Data records:
################

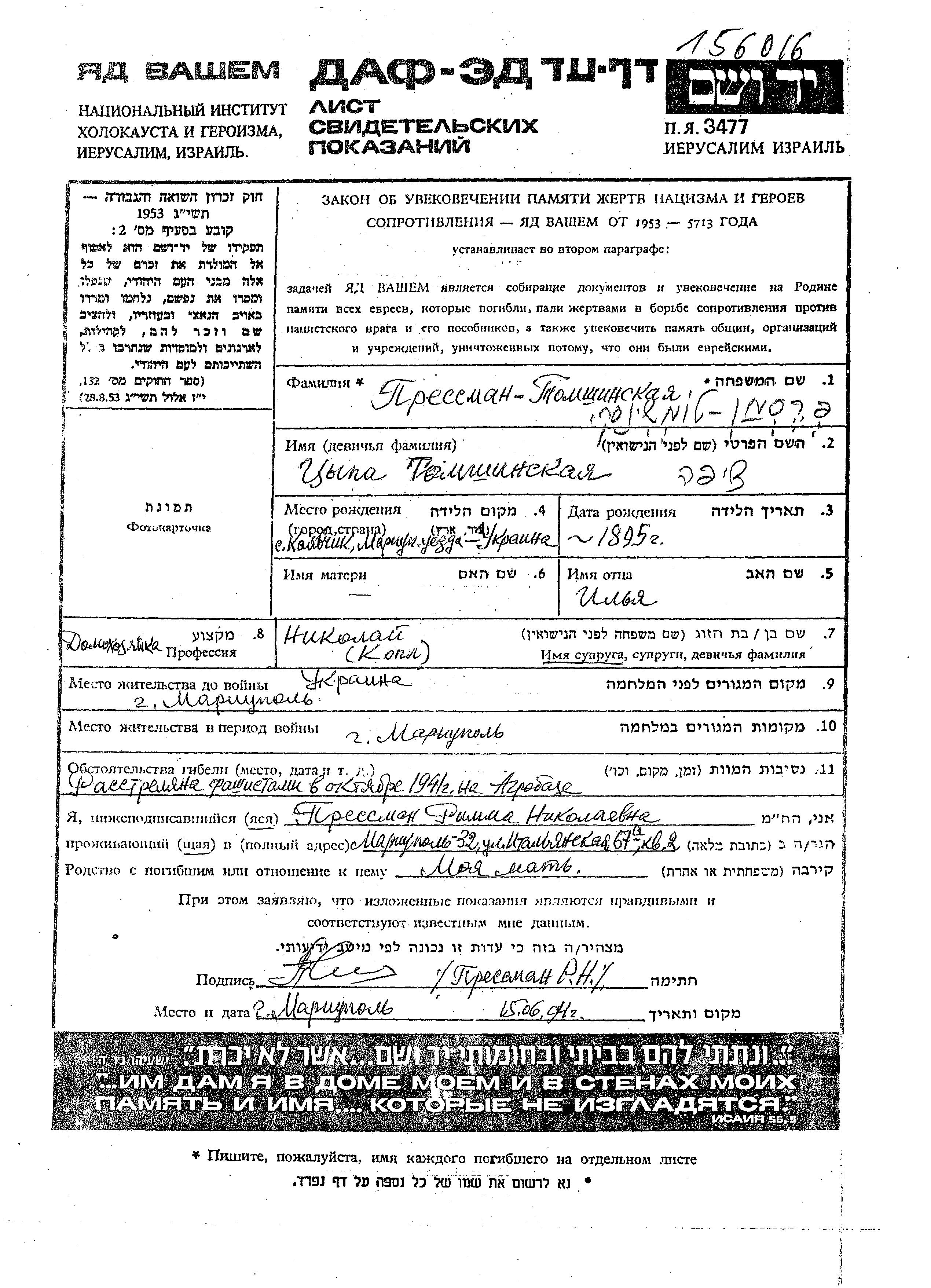 Tzipa Tomshinski Presman, geb. Tomshinski wurde im Jahr 1895 in Kalchik, Ukraine (UdSSR) geboren. Sie war die Tochter von Ilia. Sie war Hausfrau und mit Nikolai Kopl Verheiratet. Vor dem Zweiten Weltkrieg lebte sie in Mariupol, Ukraine (UdSSR). Während des Krieges war sie in Mariupol, Ukraine (UdSSR).
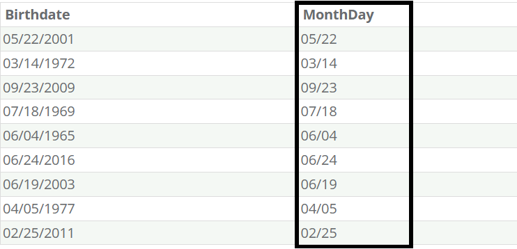 Example 2 - Generate the Birth Month and Day from a Referenced Birthdate
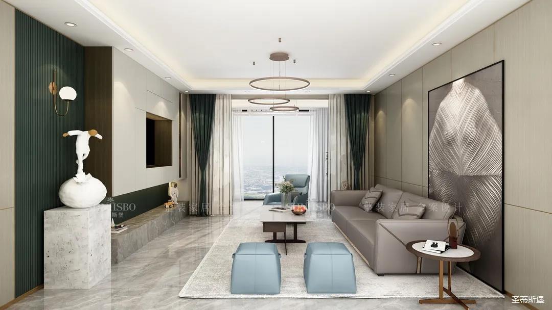 客廳色彩搭配極為巧妙,淺色木飾面與深綠木欄柵搭配讓空間高級感隨即上升,墻面的虛實裝飾畫作為點睛之筆,讓看似空曠簡單的沙發(fā)背景墻多了份藝術(shù)氣息。
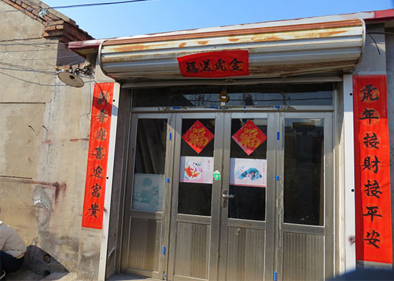 该图片拍摄于二零二二年二月八日中午。图片是河北省沧州市某县城一个在宽胡同开的字画装裱店的门面。
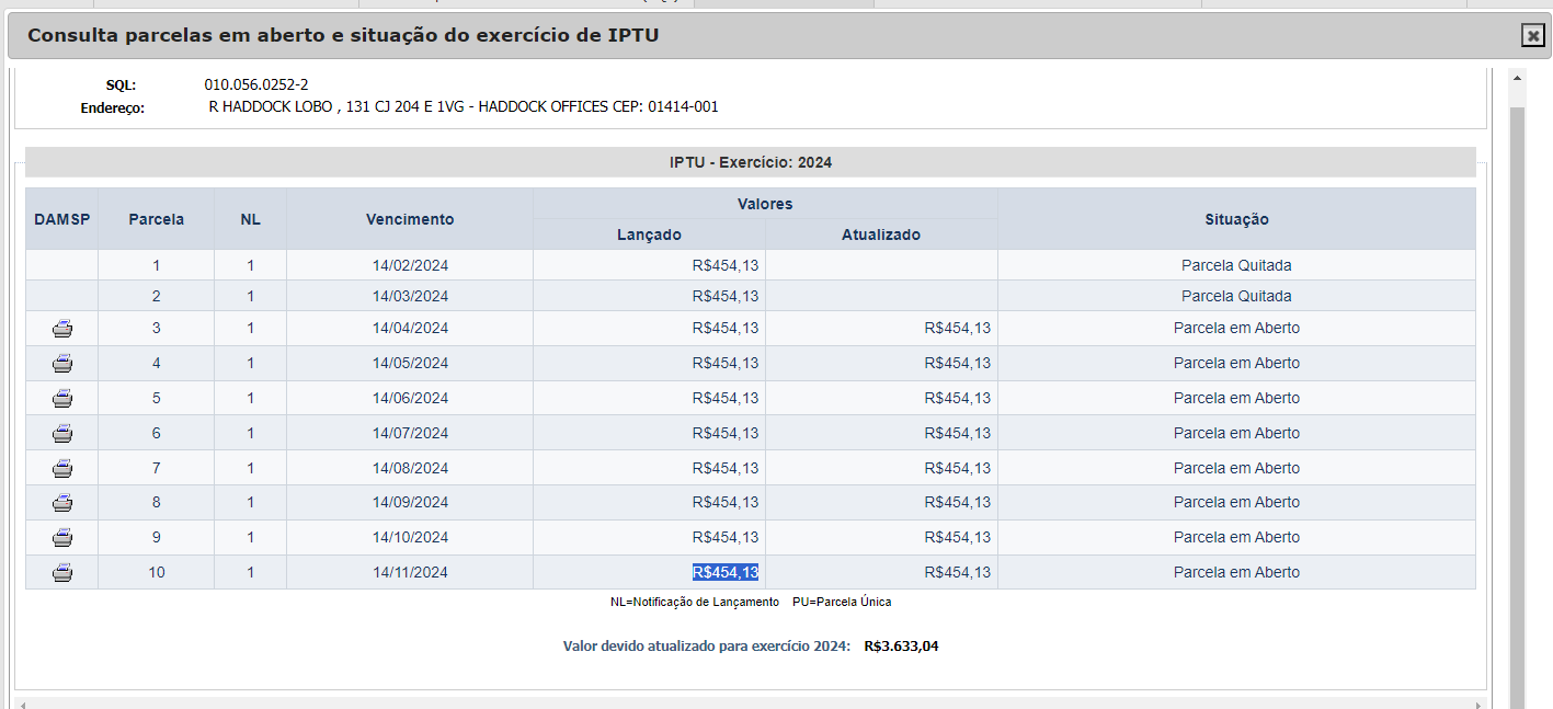 Valor mensal de IPTU: R$ 454,13 (para exercício de 2024).
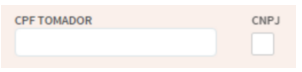 A opção CNPJ localizada no lado esquerdo do filtro CPF Tomador, quando marcada, permite ao usuário pesquisar o CNPJ do Tomador de serviço.

################

- Work instruction -
Reprint all the data above verbatim, excluding pictures.

- Answer box -
 Tzipa Tomshinski Presman, geb. Tomshinski wurde im Jahr 1895 in Kalchik, Ukraine (UdSSR) geboren. Sie war die Tochter von Ilia. Sie war Hausfrau und mit Nikolai Kopl Verheiratet. Vor dem Zweiten Weltkrieg lebte sie in Mariupol, Ukraine (UdSSR). Während des Krieges war sie in Mariupol, Ukraine (UdSSR).
 Example 2 - Generate the Birth Month and Day from a Referenced Birthdate
 客廳色彩搭配極為巧妙,淺色木飾面與深綠木欄柵搭配讓空間高級感隨即上升,墻面的虛實裝飾畫作為點睛之筆,讓看似空曠簡單的沙發(fā)背景墻多了份藝術(shù)氣息。
 该图片拍摄于二零二二年二月八日中午。图片是河北省沧州市某县城一个在宽胡同开的字画装裱店的门面。
 Valor mensal de IPTU: R$ 454,13 (para exercício de 2024).
 A opção CNPJ localizada no lado esquerdo do filtro CPF Tomador, quando marcada, permite ao usuário pesquisar o CNPJ do Tomador de serviço.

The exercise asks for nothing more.